Prescriptions for change.
Collins, a physician, evangelical Christian, and former director of the National Institutes of Health, seeks a remedy for the divisiveness and anger that beset our nation. Healing, he asserts, depends on four sources of clarity and wisdom: truth, science, faith, and trust. The Covid-19 crisis, especially, darkened his “usual optimistic view of society,” making him realize “how much we have lost track of the sources of wisdom—how we have let politics on both the right and the left become our touchstone.” He examines controversies that emerged about protocols for managing the virus (masking, business and school closures, social distancing), the cause of the pandemic, and the effectiveness of vaccines; he also discusses other incendiary topics, including climate change and the results of the 2020 presidential election. People’s opinions on these issues have been swayed, Collins asserts, by six kinds of untruth: ignorance, falsehood, lies or “intentional distortion of the truth,” delusion, bullshit, and propaganda.
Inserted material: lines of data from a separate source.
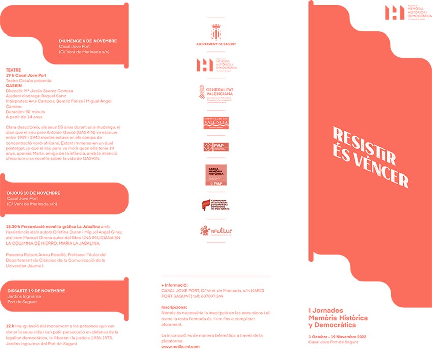 Sagunto tendrá sus primeras jornadas dedicadas a la Memoria Histórica y Democrática entre el 1 de octubre y el 19 de noviembre, bajo el lema Resistir es vencer. A lo largo de ese mes y medio que arrancará este sábado se sucederán numerosas actividades en torno a este mismo eje temático como conferencias, mesas redondas, presentaciones de libros, webseries y cómics, cine documental, teatro y visitas guiadas.
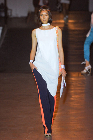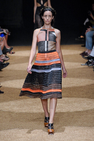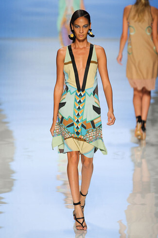 Геометрические линии и фигуры должны составляться в один полный рисунок придавая образу, как современность, так и фольклор одновременно. Но в мозаику могут сложиться не только рисунки на одежде, но и элементы ее декора. Яркая и четкая отделка карманов, линии молний разных цветов, могут выглядеть не просто хаотично, а даже гармонично. Но не нужно забывать, что, например, жакеты в подобном стиле могут создать образ «трансформера», поэтому романтическим особам это не совсем подойдет. Но, конечно, платье с мозаикой по всему периметру будет найти тяжело, поэтому попробуйте подыскать рубашку с разнообразными линиями и носить ее с летними укороченными брюками или с юбкой с завышенной талией.
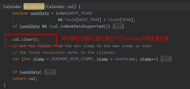 到此, 已经基本明了, 因为每次 SimpleDateFormat 解析日期时间都会清空一下它的成员变量 calendar 的值, 所以当多个线程并发访问同一个 SimpleDateformat 时, 就会有线程不安全问题。
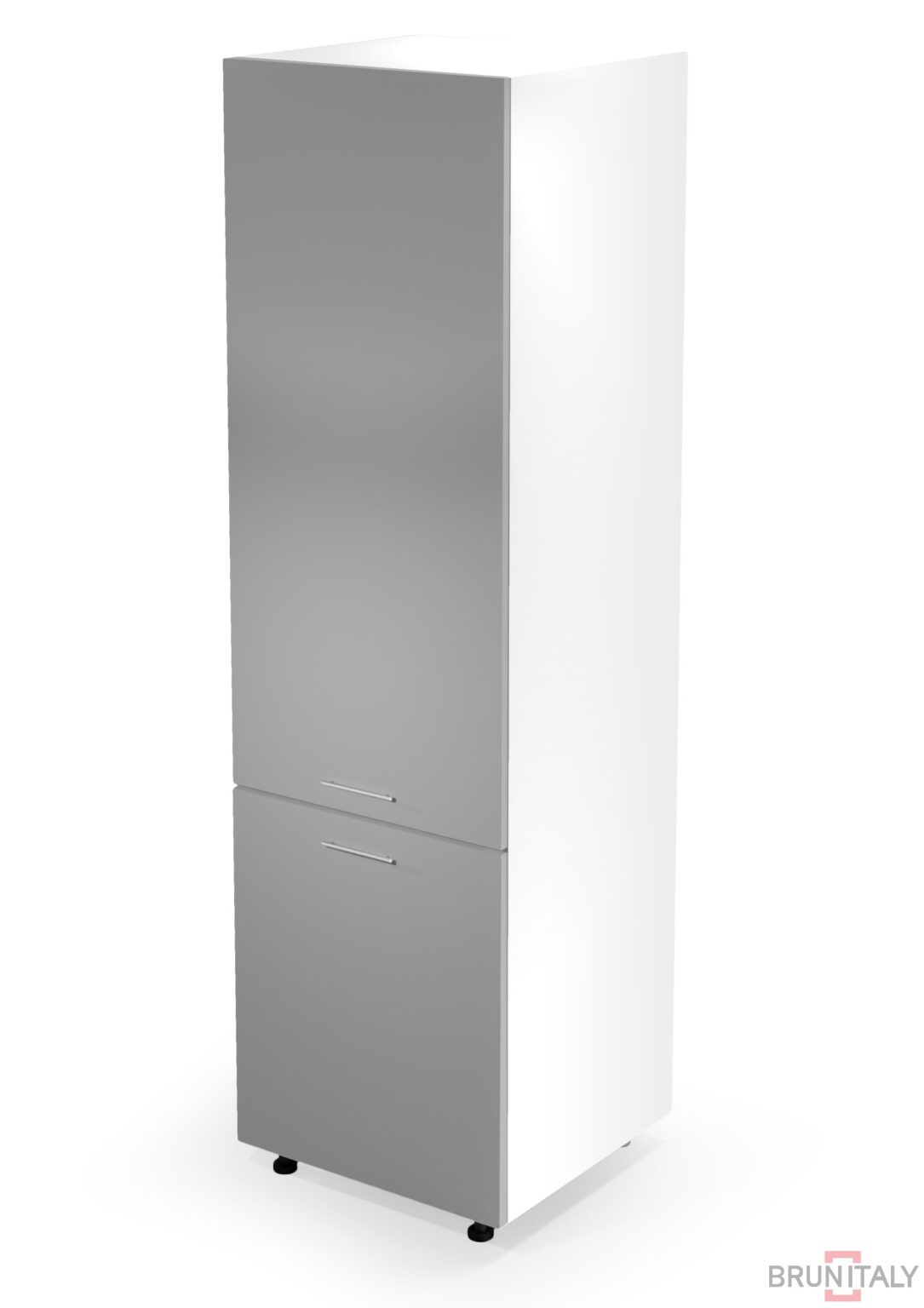 Dimensioni: 60/214/56 cm, Materiale: chipboard laminata / MDF ad alta gloss, colore: bianco / grigio chiaro Cabinet per frigorifero
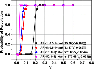 Percolation probability in respect of volume fraction for studied graphene aspect ratios for the case of λ = 0.5 eV and the corresponding functions
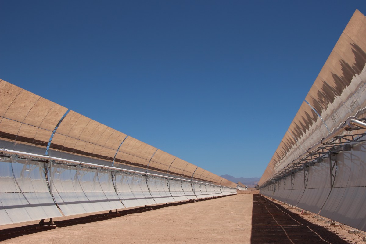 Eine von 800 Reihen mit neun Meter hohen Parabolspiegeln im Solarkraftwerk Noor, die je nach Sonnenstand ausgerichtet werden können.
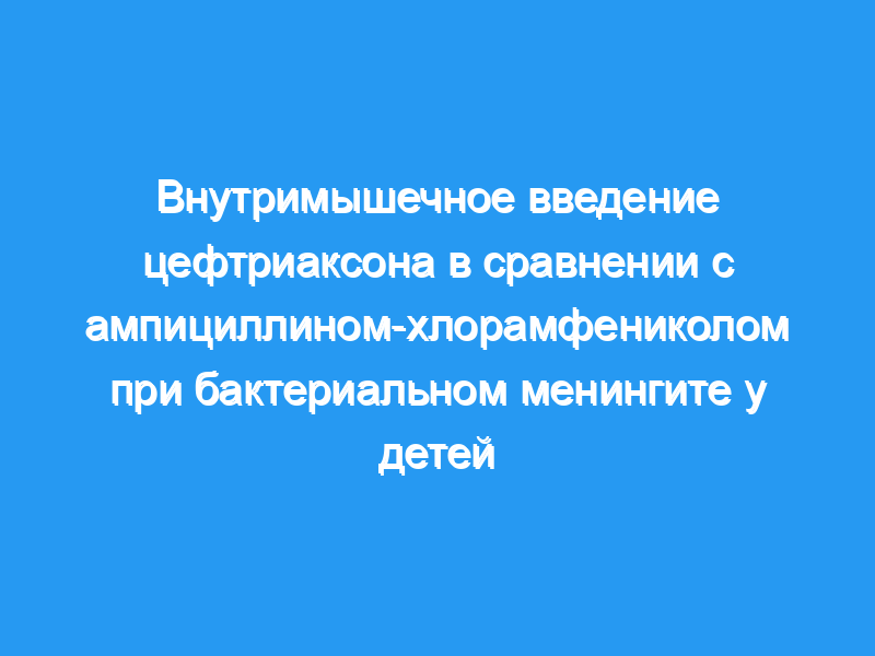 70 детей в возрасте от 4 месяцев до 12 лет с бактериологически подтвержденным бактериальным менингитом лечились либо внутримышечно (внутримышечно) цефтриаксоном (ЦФТ) в дозе 100 мг/кг один раз в день, либо комбинированным введением ампициллина в дозе 160 мг/кг/сут и хлорамфеникола в дозе 100 мг/кг/сут (АМС). назначается каждые 6 .
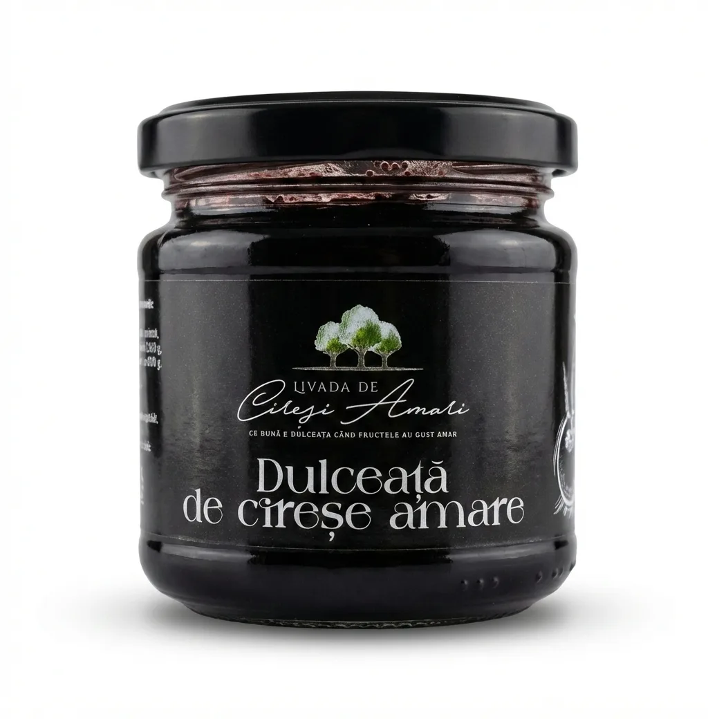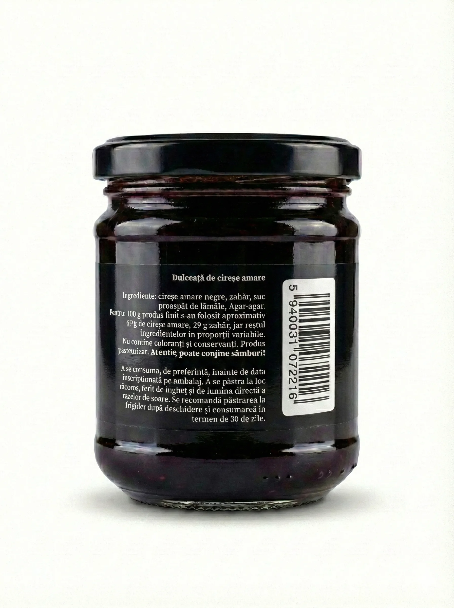 Pentru a obține 100 g de produs am folosit 69 de grame de cireșe amare, 29 g de zahăr și celelalte ingrediente în cantități variabile. Cireșele provin din propria livadă și sunt din soiul Silva (Amar de Dâmbovița).
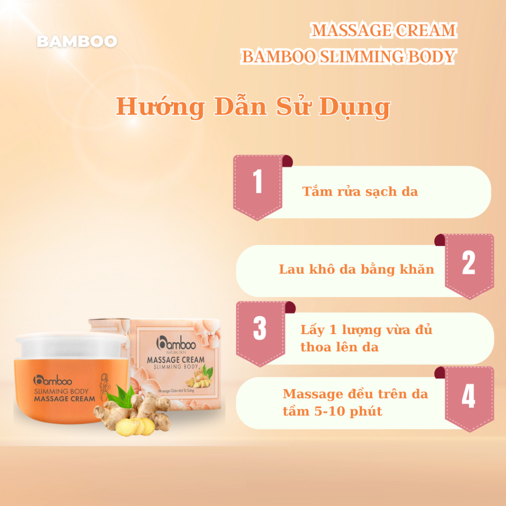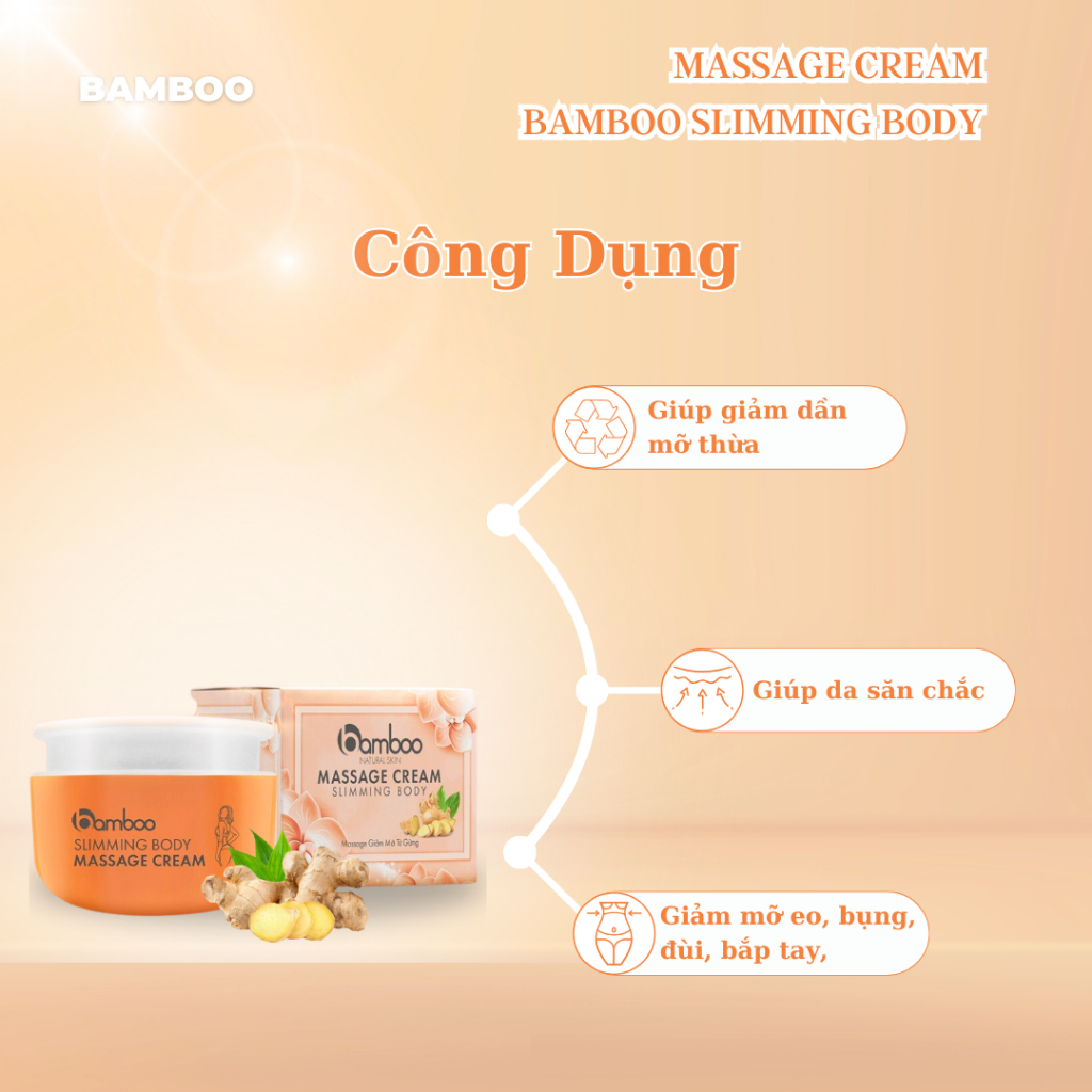 Kem tan mỡ gừng BAMBOO giảm mỡ bụng, săn chắc da, đốt mỡ hiệu quả, thẩm thấu nhanh, không bết rít
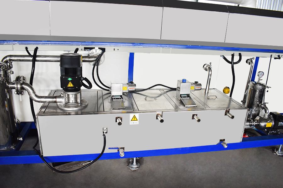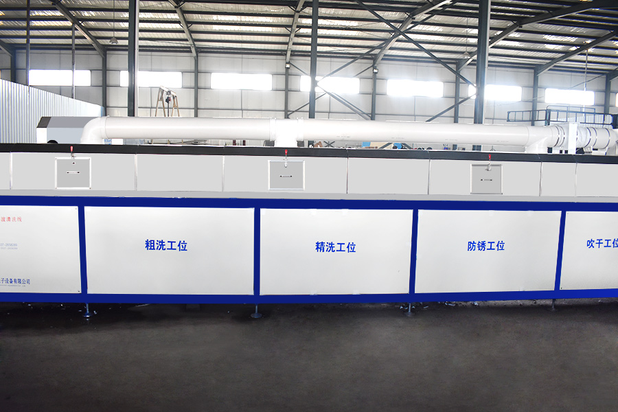 該設(shè)備有上下料網(wǎng)帶、超聲波清洗工位、噴淋漂洗工位、高壓風(fēng)切、熱風(fēng)烘干工位、溫控水加熱系統(tǒng)、風(fēng)機、溫控空氣加熱系統(tǒng)、移動式風(fēng)刀、PLC+觸摸屏控制系統(tǒng)、管路系統(tǒng)及智能電器控制系統(tǒng)等組成。自動進排液和自動加溫系統(tǒng)完全實現(xiàn)了無人干預(yù),自動運行,很大程度上降低了工人的勞動強度。先進的霧氣處理系統(tǒng)可以將清洗時產(chǎn)生的霧氣冷凝回流,空氣經(jīng)過濾和活性炭吸附后排出。
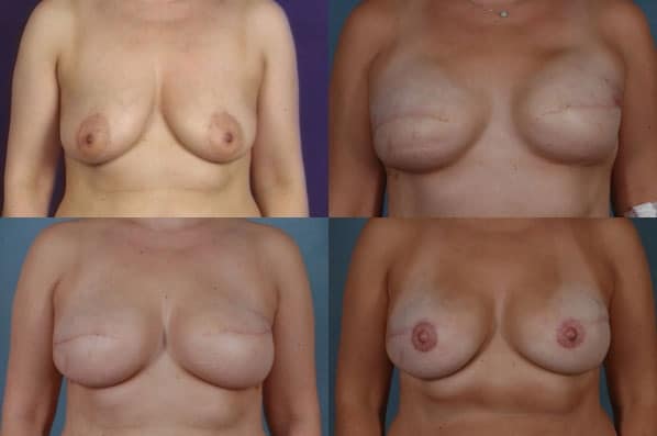 This case shows a patient in the top photos prior to bilateral mastectomies for breast cancer. The bottom three photos were taken after the necessary stages of breast reconstruction. These include tissue expanders at the time of the mastectomies, followed by shaping and placement of the implants three months later, and nipple reconstruction was performed three months after that. Notice the natural outcome of the nipple reconstruction.
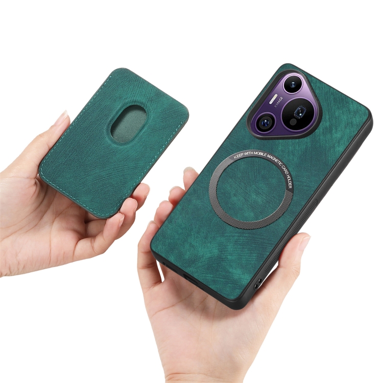- 1x Funda para Huawei Pura 70 Pro Magnética con Bolsa de Tarjeta de Cuero Retro (Verde)
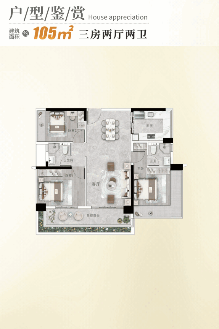 105㎡三房:紧凑高效,户户朝南,采光通风俱佳。
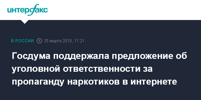 Москва. 25 марта. INTERFAX.RU - Госдума в среду приняла в первом чтении законопроект, предлагающий ввести уголовную ответственность за пропаганду наркотиков в интернете.

Those who use social media as their main source of information about the world can be “unwittingly manipulated” by these forms of untruth. Collins asserts that identifying falsehoods boils down to trust in the integrity and competence of the person or institution conveying information, and he cautions against believing only those whose values align with one’s own. Drawing on examples from his personal and professional experiences, he reveals times when his trust has been honored and times when it has been broken. As a scientist who finds belief in a Christian God “entirely consistent” with his faith in evidence-based truths and scientific methods, he recounts his journey from atheism to Christianity. Overall, Collins urges each reader to create a renewed sense of community through “reanchoring your worldview”; engaging with family, friends, and community; and carefully distinguishing facts from fakes.
Thoughtful guidance in tumultuous times.